To efficiently look up the qids attributes of a speaker we create dictionaries to access the desired qids.

In [None]:
# Create dictionary for the labels and the attributes gender, nationality and occupation
labels_dict = pd.Series(labels_df.Label, index=labels_df.index)
genders_dict = pd.Series(speakers_df.gender.values, index=speakers_df.id).to_dict()
nationalities_dict = pd.Series(speakers_df.nationality.values, index=speakers_df.id).to_dict()
occupations_dict = pd.Series(speakers_df.occupation.values, index=speakers_df.id).to_dict()

We need as well a function to translate the qids of one attribute to  the corresponding label, for one specific speaker.

In [None]:
def translate_qid2label(id_speaker, attr_dict):
    """
      Retrieve quotes speakers attribute, in the order of the quotations DataFrame.
      :id_speaker   first qid of quids column of one row of the quotations dataframe qid
      :attr_dict    dictionary for specified attributes
      :return       attributes as text in a list
    """
    list_attr = []
    
    if id_speaker in attr_dict:
        id_attr_speaker = attr_dict[id_speaker]
        if(id_attr_speaker is not None):
            for id_a in id_attr_speaker:
                if 'Q99753484' not in id_a:
                    attr = labels_dict[id_a] # Attribute value
                    list_attr.append(attr)
        else:
            list_attr = None

    return list_attr

Now we can put all these together and apply the above function to all our speaker attributes and quotes.


In [None]:
 def add_speaker_attributes(path_in,path_out):
    """
      Loop through all instances of json file and and add desired column.

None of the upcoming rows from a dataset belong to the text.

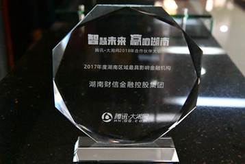 1月11日下午,湖南财信金融控股集团在2018年腾讯湖南影响力峰会上荣获“2017年度湖南区域最具影响金融机构”奖。这是由腾讯大湘网依据3200万网友的平台大数据,汇总评选而出的湖南区域的重磅奖项之一。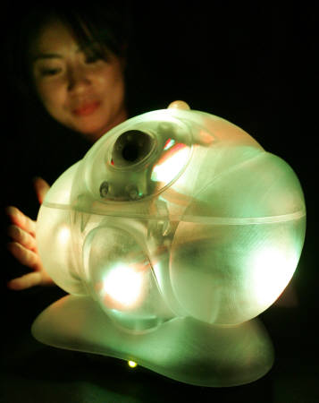 這個渾身發光的機器人身上配備著傳感器和照相機,不僅能用于室內照明,還可以察覺房屋內諸如有人擅自闖入、噪音、異味、溫度等異常狀況,通過手機報告給主人。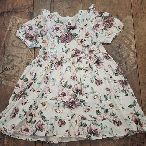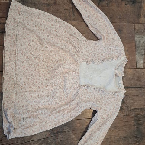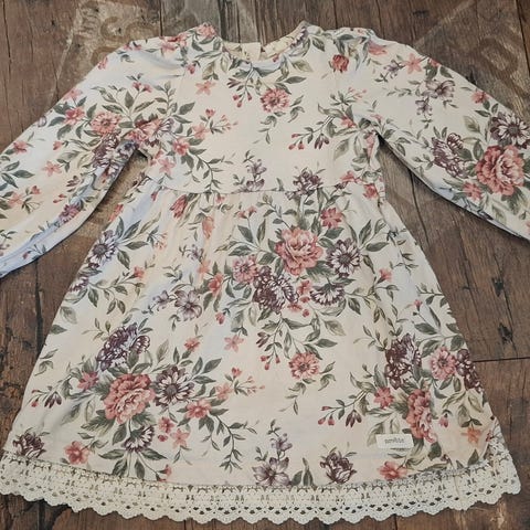 Newbie mekko tytöille, koko 98. Mekko on valmistettu puuvillasta ja siinä on monivärinen kukkakuvio. Pitkähihainen malli, jossa on röyhelöhelma ja etukappaleella röyhelöyksityiskohta. Sopii arki- ja juhlakäyttöön. Kuviointi ja värit näkyvät tarkemmin kuvissa.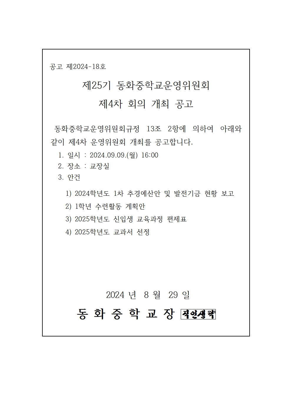 Á¦25±â µ¿È­ÁßÇб³¿î¿µÀ§¿øÈ¸ 4Â÷ ȸÀÇ °³ÃÖ ¾È³»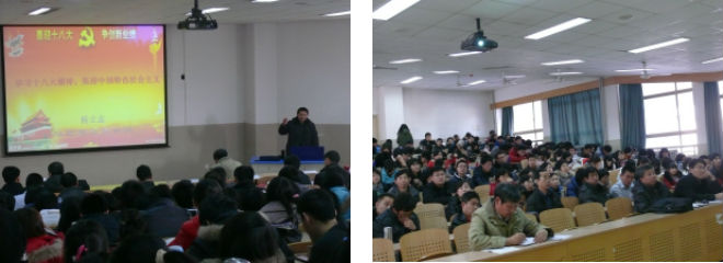 杨立志副教授首先讲述了十八大胜利召开对国家发展的重要意义和巨大影响,随后带领大家重温了十八大报告中十二个方面的主要内容。杨立志副教授结合邓小平理论以及中国改革开放的盛况,对十八大内容作了详细深入的剖析。报告会深入浅出,精彩凝炼,从中国特色社会主义是当代中国发展进步的旗帜和方向出发,让大家深刻领会了中国特色社会主义道路、理论体系及制度的辩证统一的内容和继续深化改革开放,全面推进经济、政治、文化、社会、生态文明、国防和军队的建设,实现中华民族的伟大复兴的重要性,剖析了党的根本目标对祖国未来发展的影响力。最后,马振民书记对本次报告会进行了总结,并号召全体教职工党员以实际行动积极学习贯彻落实十八大精神,扎实做好本职工作。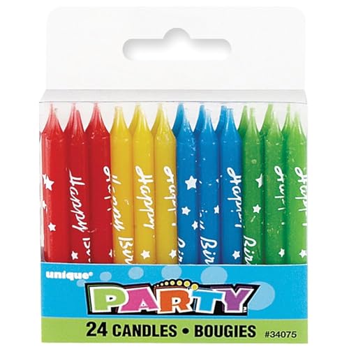 Confezione da 24 candeline con scritta Happy Birthday.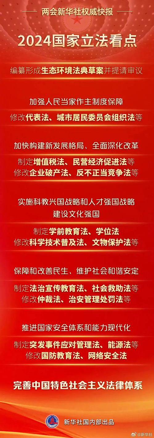 8日提請十四屆全國人大二次會議審議的全國人大常委會工作報告提出,2024年,要認真落實常委會立法規(guī)劃,完善中國特色社會主義法律體系:制定民營經(jīng)濟促進法、學前教育法、社會救助法等,修改城市居民委員會組織法、文物保護法、網(wǎng)絡(luò)安全法等。一起來看↓

Save the file
      in the merged data directory
      :path_in      json file path where speaker attributes are added
      :path_out     merged file output directory
      :return       count of total quotes and empty genders
    """
    empty_genders = 0
    total_quotes = 0
    with bz2.open(path_in, 'rb') as s_file:
        with bz2.open(path_out, 'wb') as d_file:
            for instance in s_file:
                instance = json.loads(instance) # loading a sample
                id_speaker = instance['qids'][0] # get single qid
             
                # This qid does not exist anymore so we don't keep this row
                if 'Q99753484' in id_speaker :
                    continue
                total_quotes += 1
                instance['qids'] = id_speaker
                instance['qid'] = instance.pop('qids')
                genders = translate_qid2label(id_speaker, genders_dict)

                if not genders: # if the list is empty
                  empty_genders += 1
                  continue

                instance['gender'] = genders
                instance['nationality'] = translate_qid2label(id_speaker, nationalities_dict)
                instance['occupation'] = translate_qid2label(id_speaker, occupations_dict)
          
                d_file.write((json.dumps(instance)+'\n').encode('utf-8')) # writing in the new file
    
    return total_quotes, empty_genders
                

We are aware that speaker disambiguation is an issue. We decided to take only the first QID. We think that it is a good option for our case. Our analysis is mainly based on the gender of the speaker. Even if the QID is not the one of the speaker but from someone that shares the same name there is some high chances that the gender of both person is the same. Names are mostly gender-specific.

In [None]:
###### maybe another reason we discussed######

We execute this for 2020 data (execute only once).

In [None]:
total_quotes, empty_genders = add_speaker_attributes(FILTERED_QUOTES_UK_2020_PATH,MERGED_QUOTES_UK_2020_PATH)


In [None]:
print(empty_genders / total_quotes)

0.01046056498305551


In [None]:
# We check that the new file contains the right data
merged_sample_df = load_mini_version_of_data(MERGED_QUOTES_2020_PATH, 10000, 10, use_colab)
merged_sample_df.head(15)

We do this for all years (only once).

In [None]:
#total2019, empty2019 = add_speaker_attributes(FILTERED_QUOTES_UK_2019_PATH, MERGED_QUOTES_UK_2019_PATH)
#total2018, empty2018 = add_speaker_attributes(FILTERED_QUOTES_UK_2018_PATH, MERGED_QUOTES_UK_2018_PATH)
#total2017, empty2017 = add_speaker_attributes(FILTERED_QUOTES_UK_2017_PATH, MERGED_QUOTES_UK_2017_PATH)
#total2016, empty2016 = add_speaker_attributes(FILTERED_QUOTES_UK_2016_PATH, MERGED_QUOTES_UK_2016_PATH)
#total2015, empty2015 = add_speaker_attributes(FILTERED_QUOTES_UK_2015_PATH, MERGED_QUOTES_UK_2015_PATH)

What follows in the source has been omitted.